Risk management failed in the financial crisis…
It is obvious that risk management failed in many financial institutions. Sometimes people failed to spot risks in their business model (for instance Northern Rock). Sometimes people failed to see the systemic risk of lots of companies having the same business model (both financial regulators and the big US investment banks). Sometimes people would spot the risks, but a combination of culture and strong personalities ignores the risks (Lehman Brothers). And, as my conversation above shows, there was a failure of risk management in many companies too.

People had assumed that tomorrow will look a lot like today only more so. Back in early 2008 we were so used to years of high-growth and low inflation that we thought it would continue forever. Now we now know we were creating asset bubbles and toxic debts that were just not sustainable. We were living beyond our means, and it was bound to come to a messy end. Companies and governments were either blind to the risks or were prepared to turn a blind eye for the sake of short-term success.

..and is failing again in the sustainability crisis
Well, exactly the same dynamic is being played out right now on a host of sustainability issues. Global society is acting as if tomorrow will be like today.

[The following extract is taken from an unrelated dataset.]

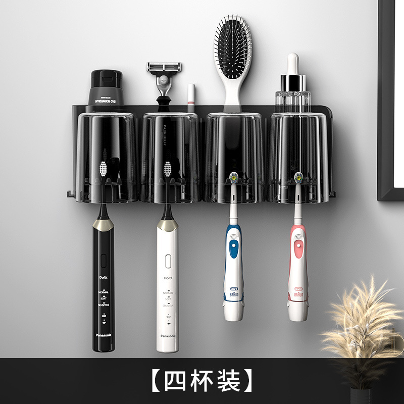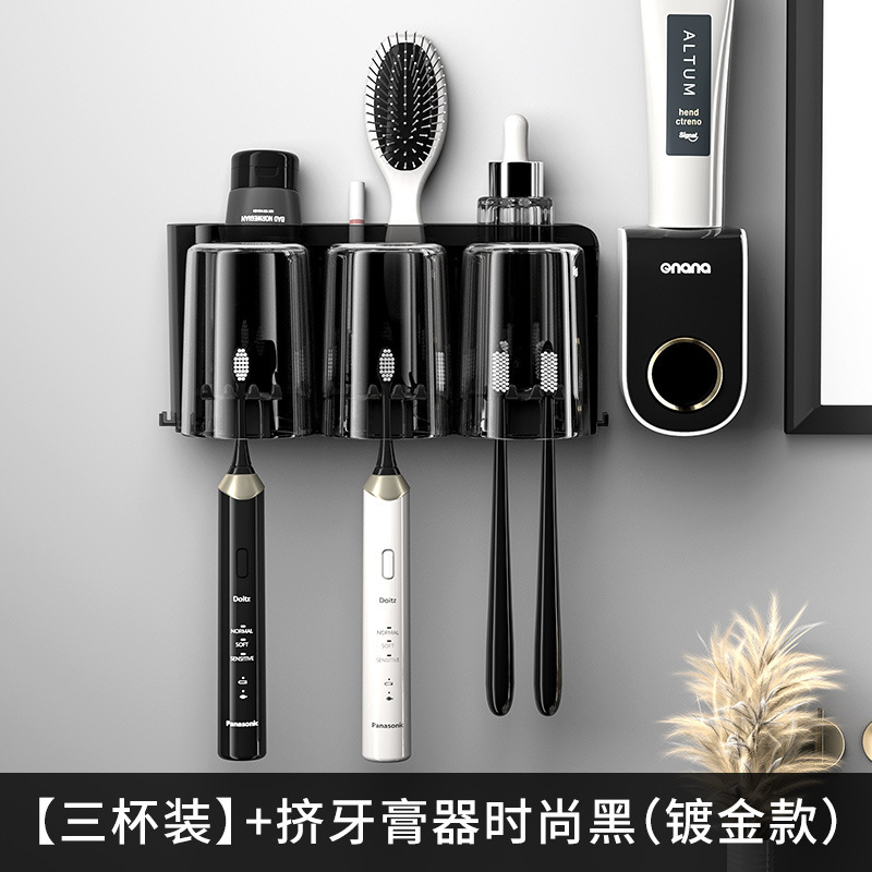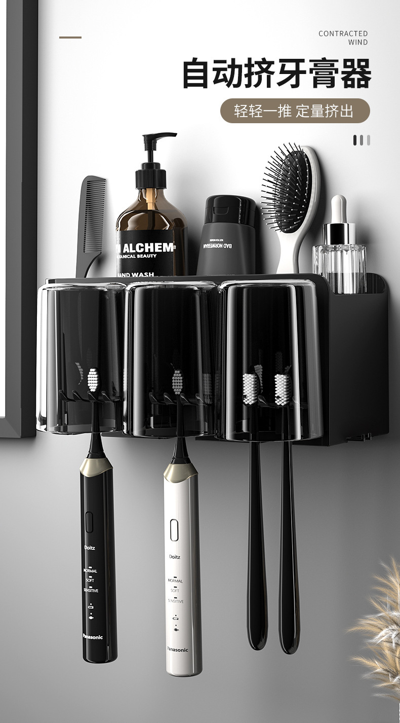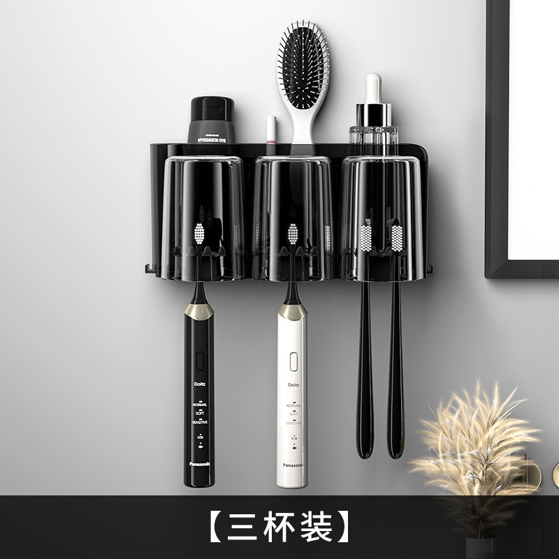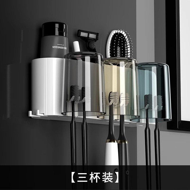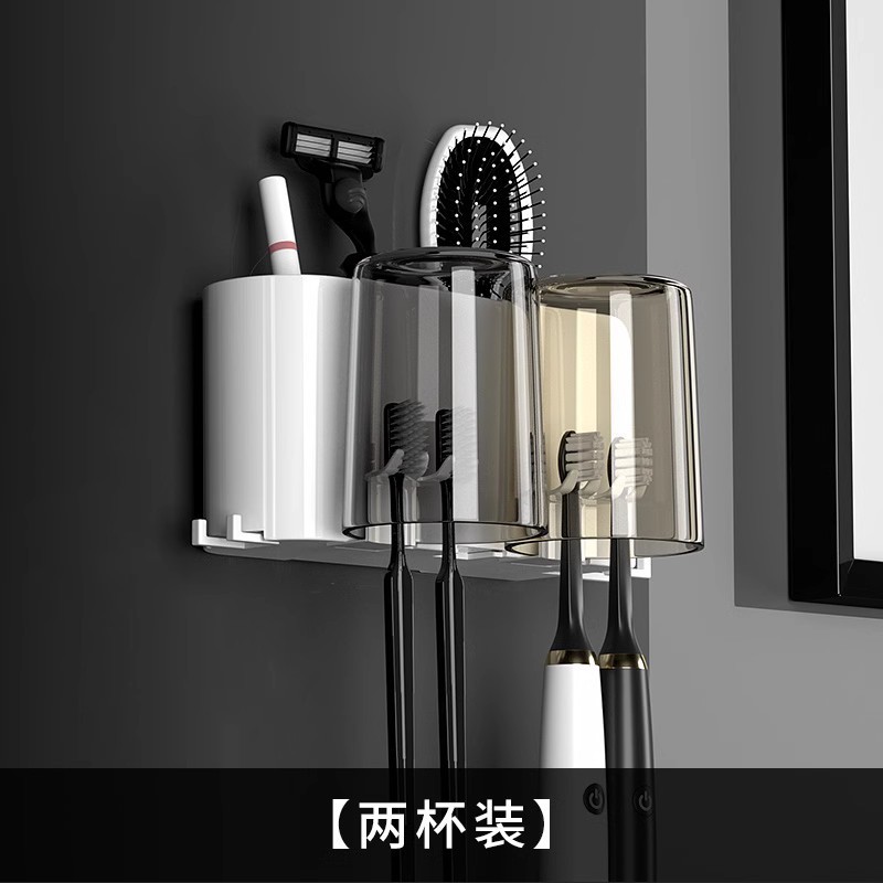 牙刷置物架卫生间一套免打孔漱口杯挂墙式收纳架刷牙杯牙膏架子

We are so used to a stable climate that we think it can go on forever – even though the science is categorically saying disruptive change will happen with business-as-usual. Bodies like the Met Office and the Tyndall Centre say that we need global carbon emissions to peak in the next ten years – or maybe less – if we are to have a path to a safe concentration of greenhouse gases. We are used to poverty in developing nations, and in our own countries too. We are so used to food security that we act as if it is inevitable.

The UN convened several hundred scientists to assess the natural world in the Millennium Ecosystem Assessment. Their conclusion:

“Human activity is putting such a  strain on the natural functions of the Earth that the ability of the planet’s ecosystems can no longer be taken for granted.”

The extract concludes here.